Prevalence of ixodid ticks on cattle, sheep and goats in Ilam County, Ilam Province, Iran

Ali Loui Monfared 1, Mohammad Mahmoodi 2, Roohollah Fattahi 3,
PMCID: PMC4328014  PMID: 25698857

Abstract

This survey was performed to find out the infestation rate of Ixodidae ticks in domestic ruminants in Ilam County during 21 March 2009 to 23 August 2009. Sampling was performed in 25 villages and 15 animal farm from different areas of this County. A total of 1,316 ticks were collected from 416 cattle, 208 sheep and 147 goats. The overall prevalence of ticks was recorded: 43, 23.5, and 49/6 % in cattle, sheep, and goats respectively. The number of ticks that collected from cattle, sheep, and goat were 328, 573, and 415 respectively. According to the host, Hyalomma anatolicum anatolicum (71.4 %), Hyalomma asiaticum asiaticum (17.6 %) and Rhipicephalus bursa (11 %) were collected from cattle. Hy. anatolicum (32.1 %), Rh. bursa (42.2 %), Rhipicephalus sanguineus (17.3 %) and Haemaphysalis inermis (8.4 %) were collected in sheep. Rh. bursa (41.5 %), Rh. sanguineus (43.2 %) and Ha. inermis (15.3 %) were observed in goats. In this study, ticks infestation rate of cattle, sheep and goat were (43 %), (23.5 %) and (49.6 %) respectively. In this survey the ticks distribution on the body surface of infested ruminants the highest infestation was found in the udder and tail (21 %) in cattle, ear (42.5 %) and tail (30 %) in sheep and ear (63 %) and tail (17 %) in goats. The lowest number of ticks in body surface of ruminants was observed in the ear and shoulder (2 %) in cattle, head and neck (2 %) in sheep and udder (7 %) in goats. Hy.anatolicum anatolicum, Rh. Sanguineus and Rh.bursa were dominant tick in domestic ruminants of Ilam County.

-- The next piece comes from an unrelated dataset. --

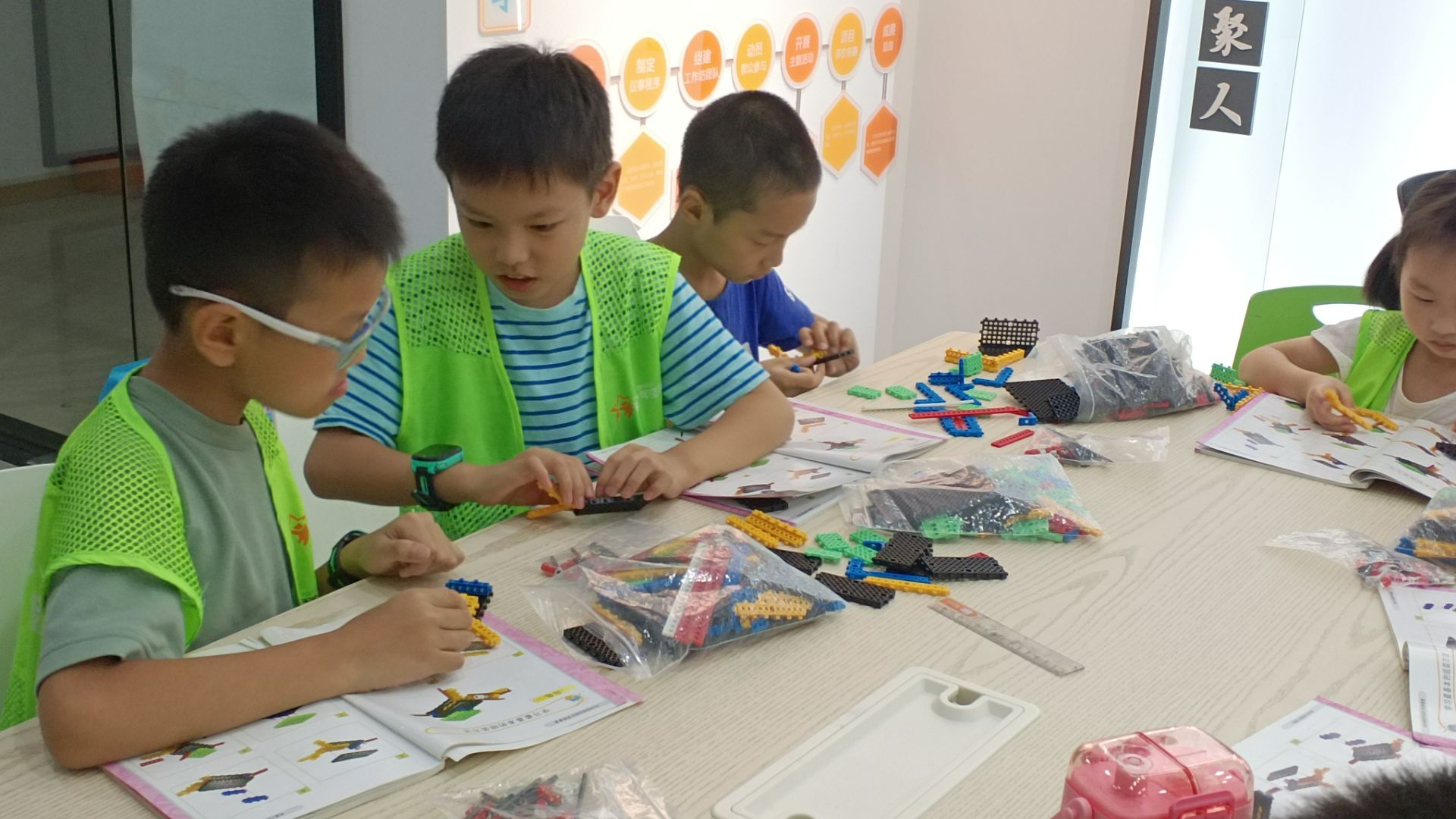 为了丰富社区青少年的课余生活,提升他们的动手能力和创造力,近日,武汉市武昌区南湖街道华锦社区青少年托管班开展了一场令人兴奋的积木搭建机器人活动。活动的内容主要围绕搭建乌龟、蝎子等小动物展开,吸引了众多孩子的参与。

Keywords: Ixodidae ticks, Domestic ruminants, Ilam

Introduction

The ixodid tick species are the most abundant tick parasites infesting ruminants. Ticks have been recognized as the notorious threat due to severe irritation, allergy and toxicosis (Niyonzema and Kiltz 1986; Sajid et al. 2008).

Ticks of Ixodidae family not only cause lower production of animals but also transmit a number of bacterial, protozoal, rickettsial, spirochaetal and viral diseases to human and domestic animals (Rezaei et al. 2011).

The problem of tick infestation warrants of launching urgent control programs. For this purpose, the knowledge of different species/genera of the prevalent ticks on different animal species deemed to be essential (Manan et al. 2007).

Ixodidae family is one of the largest families of parasitic ticks that infest domestic ruminants. So far at least 13 genus and 650 species of Ixodidae ticks have been identified and reported (Horak et al. 2002).

Ilam Province particularly Ilam County is one of the most important centers of breeding and maintenance of domestic ruminants in west of Iran.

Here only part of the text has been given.